NAME

pandoc-server - web server exposing pandoc API

SYNOPSIS

pandoc-server [options]

DESCRIPTION

pandoc-server is a web server that can perform pandoc conversions. It can be used either as a running server or as a CGI program.

To use pandoc-server as a CGI program, rename it (or symlink it) as pandoc-server.cgi. (Note: if you symlink it, you may need to adjust your webserver’s configuration in order to allow it to follow symlinks for the CGI script.)

All pandoc functions are run in the PandocPure monad, which ensures that they can do no I/O operations on the server. This should provide a high degree of security. This security does, however, impose certain limitations:

PDFs cannot be produced.
Filters are not supported.
Resources cannot be fetched via HTTP.
Any images, include files, or other resources needed for the document conversion must be explicitly included in the request, via the files field (see below under API).

OPTIONS

--port NUM: HTTP port on which to run the server. Default: 3030.
--timeout SECONDS: Timeout in seconds, after which a conversion is killed. Default: 2. When pandoc-server is run as a CGI program, this option can be set via the PANDOC_SERVER_TIMEOUT environment variable.
--help: Print this help.
--version: Print version.

API

Root endpoint

The root (/) endpoint accepts only POST requests.

Response

It returns a converted document in one of the following formats (in order of preference), depending on the Accept header:

application/octet-stream
text/plain
application/json

If the result is a binary format (e.g., epub or docx) and the content is returned as plain text or JSON, the binary will be base64 encoded.

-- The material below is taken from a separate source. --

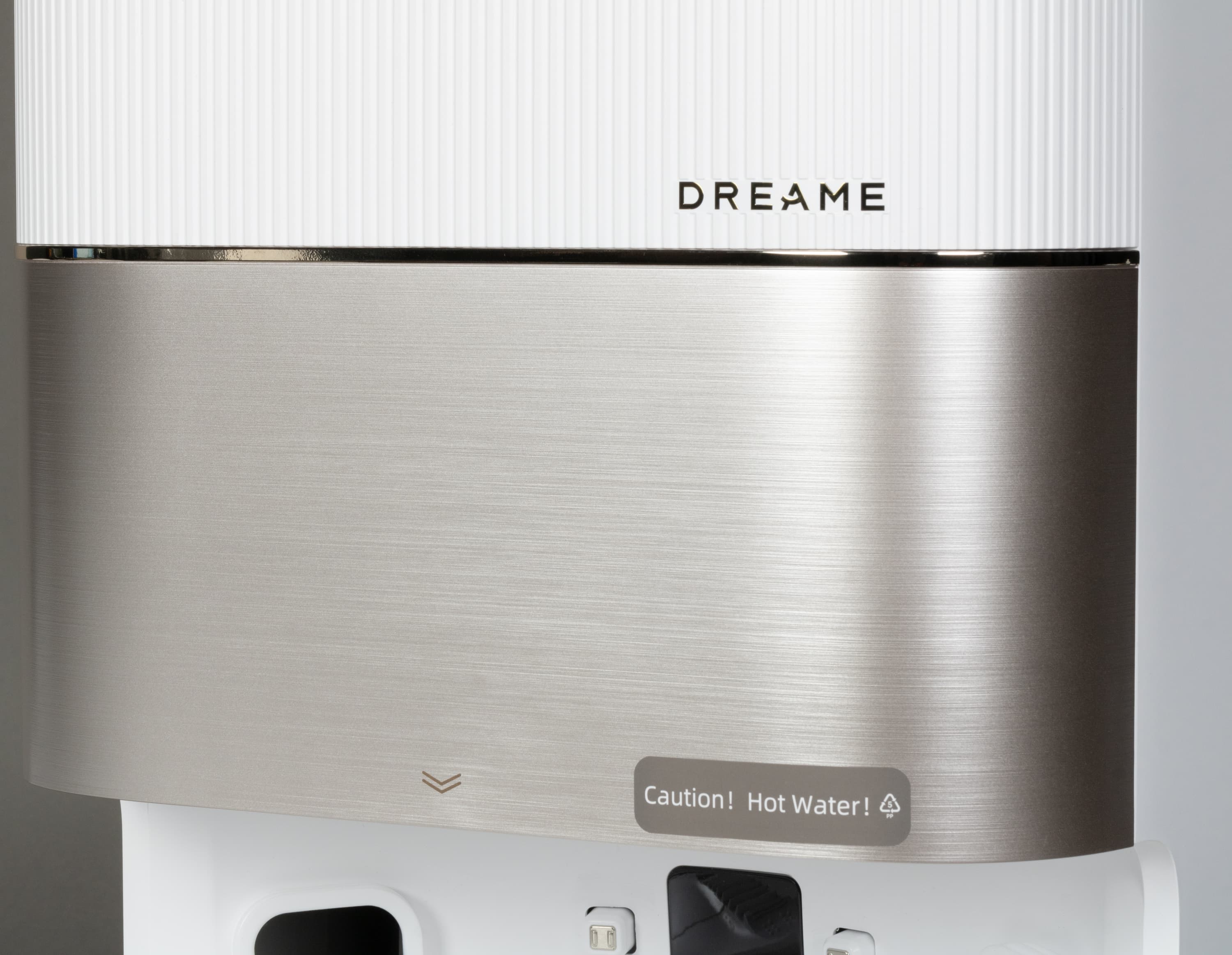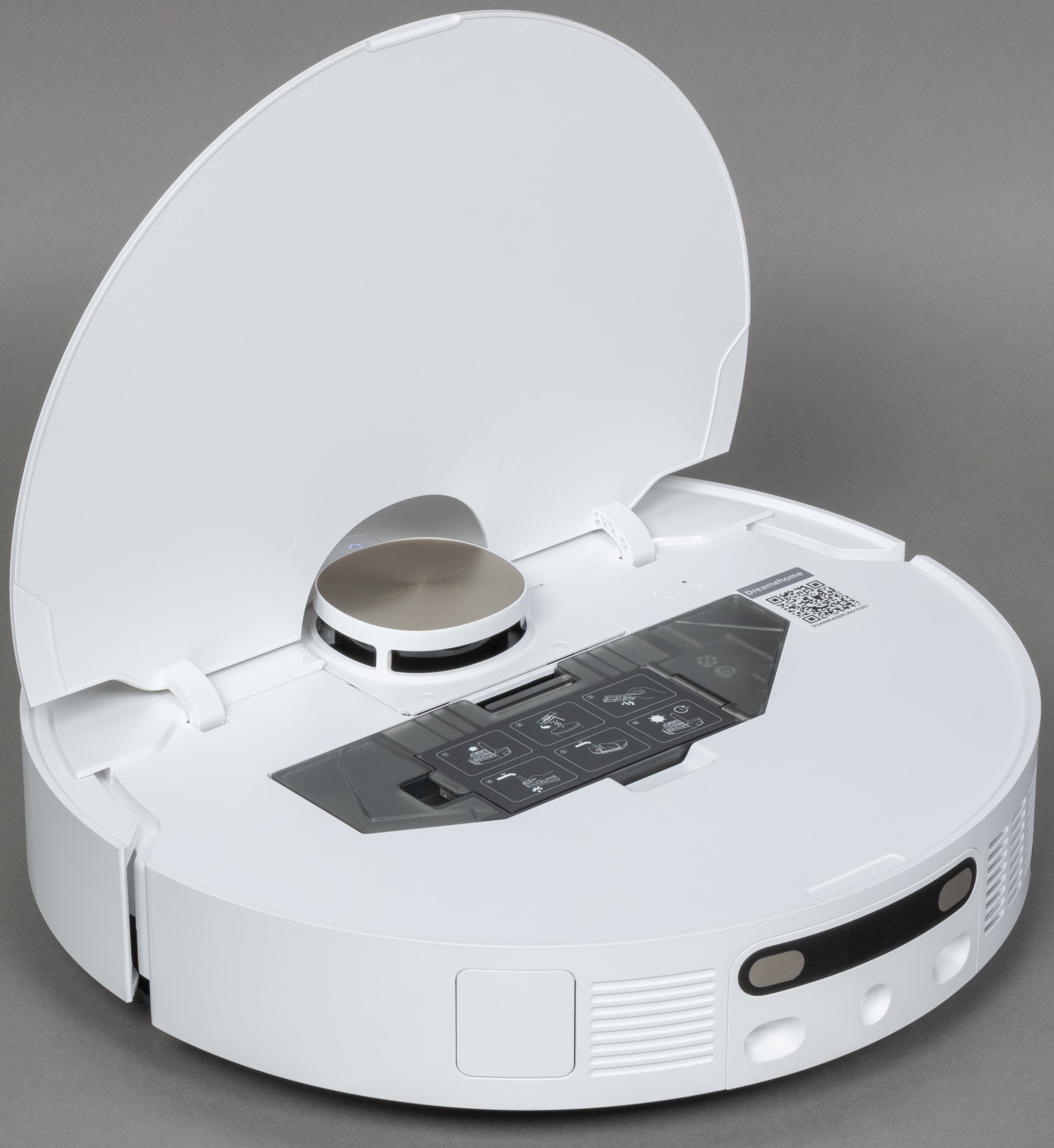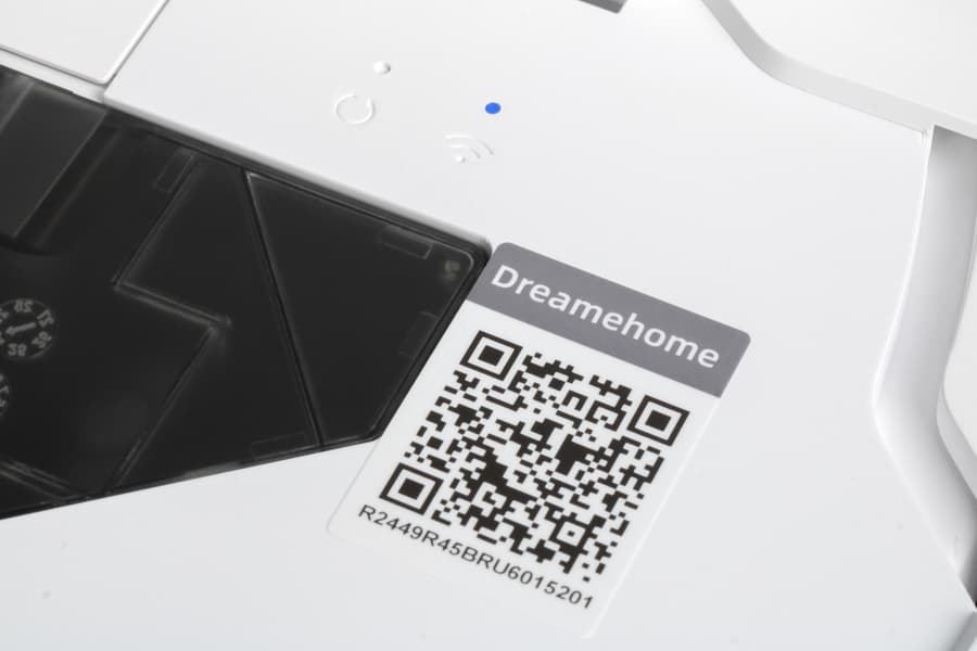 Под верхней панелью находится серийный номер устройства и QR-код для установки фирменного приложения Dreamehome. Рядом находится индикатор подключения к Wi-Fi и утопленная кнопка сброса настроек.

If a JSON response is given, it will have one of the following formats. If the conversion is not successful:

{ "error": string with the error message }

If the conversion is successful:

{ "output": string with textual or base64-encoded binary output,
  "base64": boolean (true means the "output" is base64-encoded),
  "messages": array of message objects (see below) }

Each element of the “messages” array will have the format

{ "message": string,
  "verbosity": string (either "WARNING" or "INFO") }

Request

The body of the POST request should be a JSON object, with the following fields. Only the text field is required; all of the others can be omitted for default values. When there are several string alternatives, the first one given is the default.

text (string)

The document to be converted. Note: if the from format is binary (e.g., epub or docx), then text should be a base64 encoding of the document.

from (string, default "markdown")

The input format, possibly with extensions, just as it is specified on the pandoc command line.

to (string, default "html")

The output format, possibly with extensions, just as it is specified on the pandoc command line.

shift-heading-level-by (integer, default 0)

Increase or decrease the level of all headings.

indented-code-classes (array of strings)

List of classes to be applied to indented Markdown code blocks.

default-image-extension (string)

Extension to be applied to image sources that lack extensions (e.g. ".jpg").

metadata (JSON map)

String-valued metadata.

tab-stop (integer, default 4)

Tab stop (spaces per tab).

track-changes ("accept"|"reject"|"all")

Specifies what to do with insertions, deletions, and comments produced by the MS Word “Track Changes” feature. Only affects docx input.

abbreviations (file path)

List of strings to be regarded as abbreviations when parsing Markdown. See --abbreviations in pandoc(1) for details.

typst-inputs (JSON map)

Inputs to be provided to the typst evaluator. See --typst-input in pandoc(1) for details.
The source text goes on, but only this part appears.